## Your goal
Reprint the lines below as they are, minus the pictures.

## Provided data
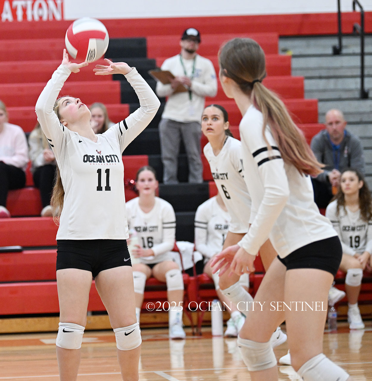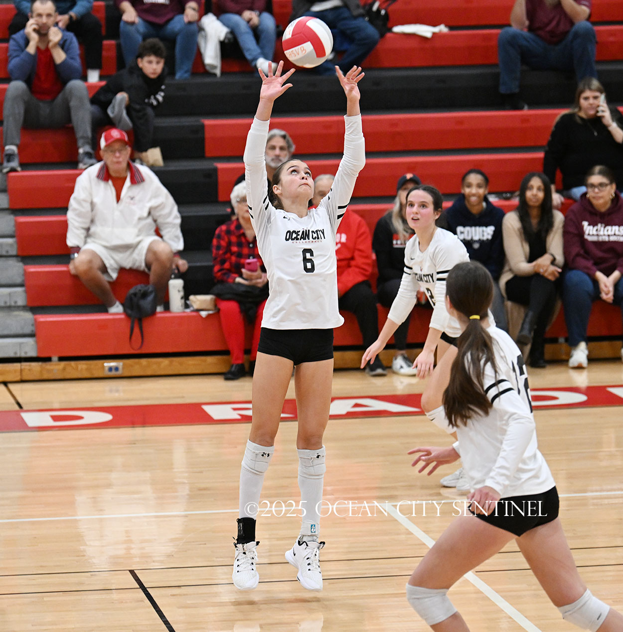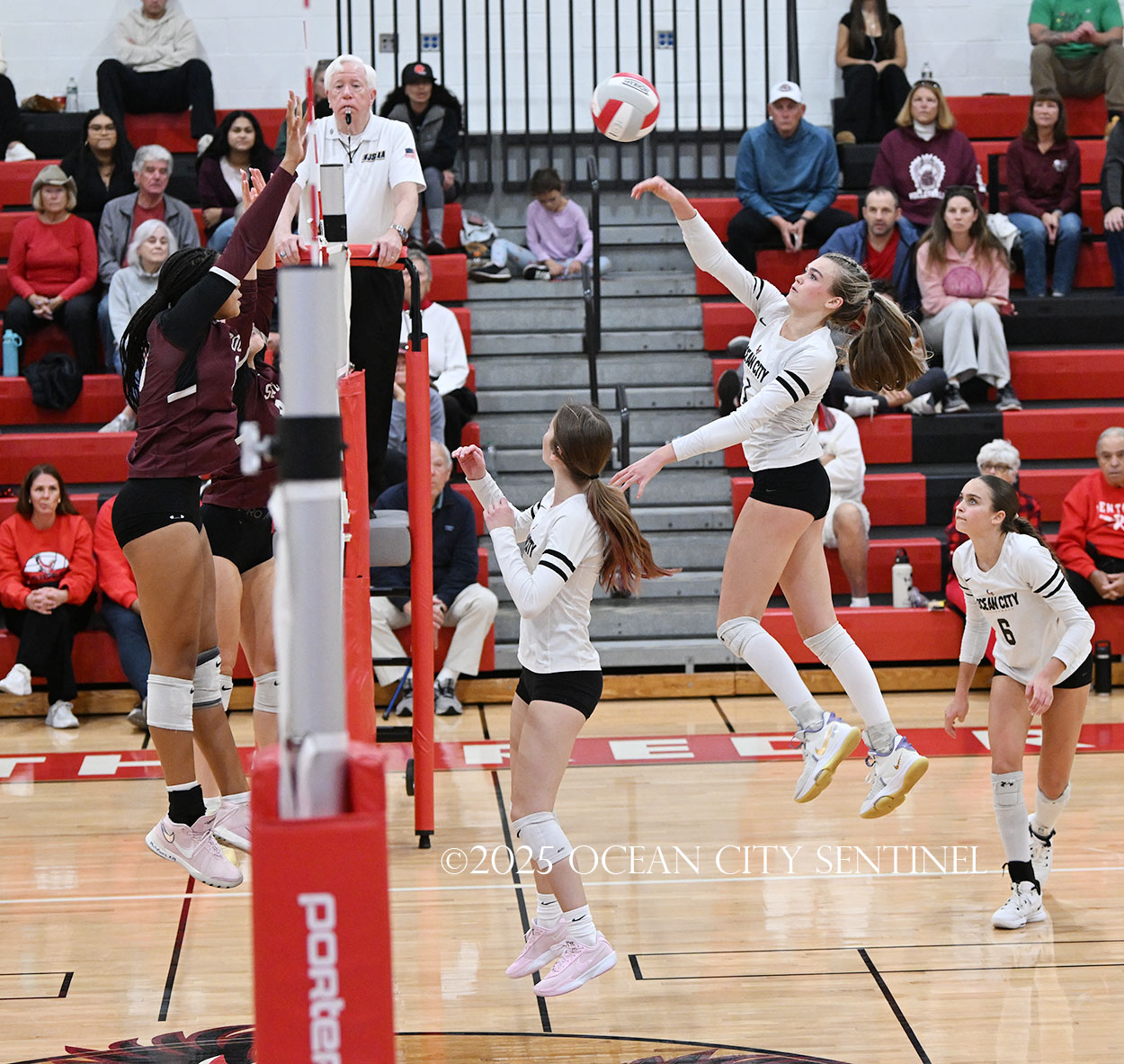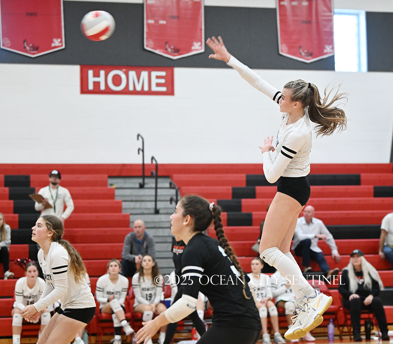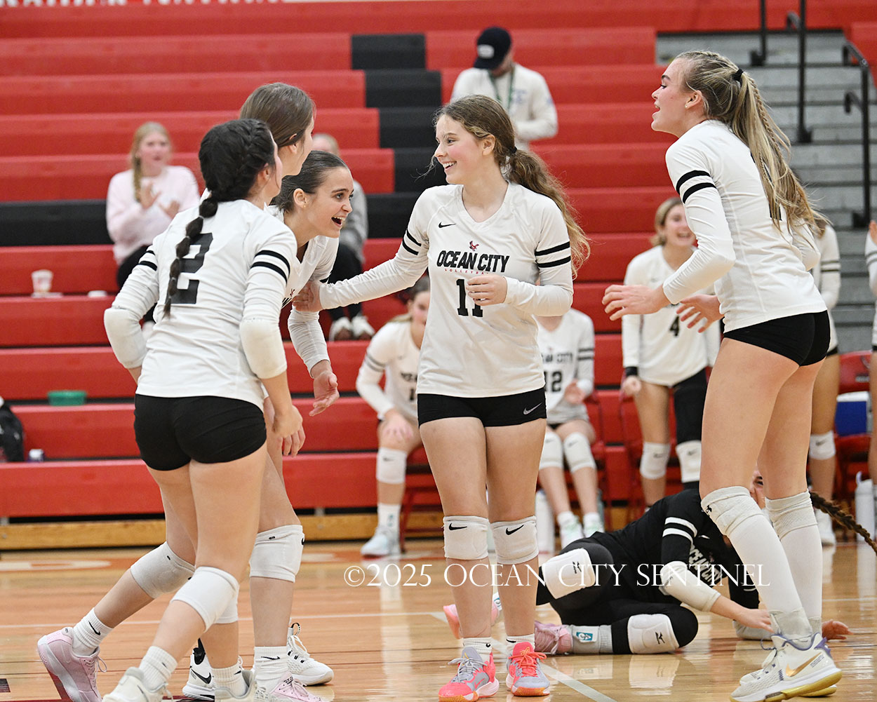 Toms River South started strong in the third set, leading early 6-2 before the Red Raiders tied at 6-6. Ocean City took the lead for good at 12-11. TRS got within a point later, 14-13, but Ocean City held at 22-18 and then got five set points at 24-19 before winning 25-19.
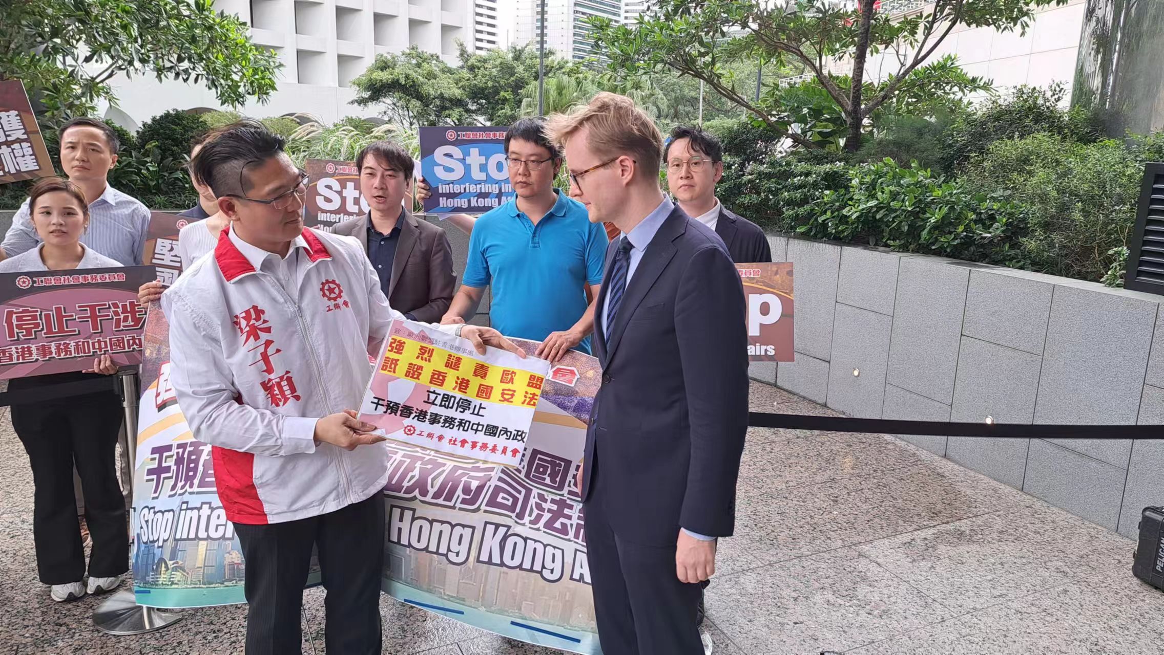 立法會今年3月通過維護國家安全條例,警方根據相關法律進行執法行動是正當司法程序,但歐盟多國蓄意干預香港特區政府司法制度,違背國際關係基本原則並詆毀香港國安法。工聯會社會事務委員會(工聯社委)對此予以強烈譴責,並於今午(31日)前往位於中環的歐洲聯盟駐香港辦事處進行抗議及遞交信件,歐盟派代表接收。
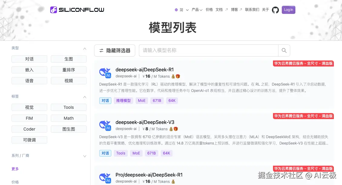 ✅ 百度智能云:cloud.baidu.com/product-s/q… ✅ 华为云:cloud.siliconflow.cn/i/adxzw8w3a… ✅ 阿里云:pai.console.aliyun.com/#/quick-sta… ✅ 腾讯云:cloud.tencent.com/ ✅ 火山引擎:www.volcengine.com/docs/6459/1…

## Reply
 Toms River South started strong in the third set, leading early 6-2 before the Red Raiders tied at 6-6. Ocean City took the lead for good at 12-11. TRS got within a point later, 14-13, but Ocean City held at 22-18 and then got five set points at 24-19 before winning 25-19.
 立法會今年3月通過維護國家安全條例,警方根據相關法律進行執法行動是正當司法程序,但歐盟多國蓄意干預香港特區政府司法制度,違背國際關係基本原則並詆毀香港國安法。工聯會社會事務委員會(工聯社委)對此予以強烈譴責,並於今午(31日)前往位於中環的歐洲聯盟駐香港辦事處進行抗議及遞交信件,歐盟派代表接收。
 ✅ 百度智能云:cloud.baidu.com/product-s/q… ✅ 华为云:cloud.siliconflow.cn/i/adxzw8w3a… ✅ 阿里云:pai.console.aliyun.com/#/quick-sta… ✅ 腾讯云:cloud.tencent.com/ ✅ 火山引擎:www.volcengine.com/docs/6459/1…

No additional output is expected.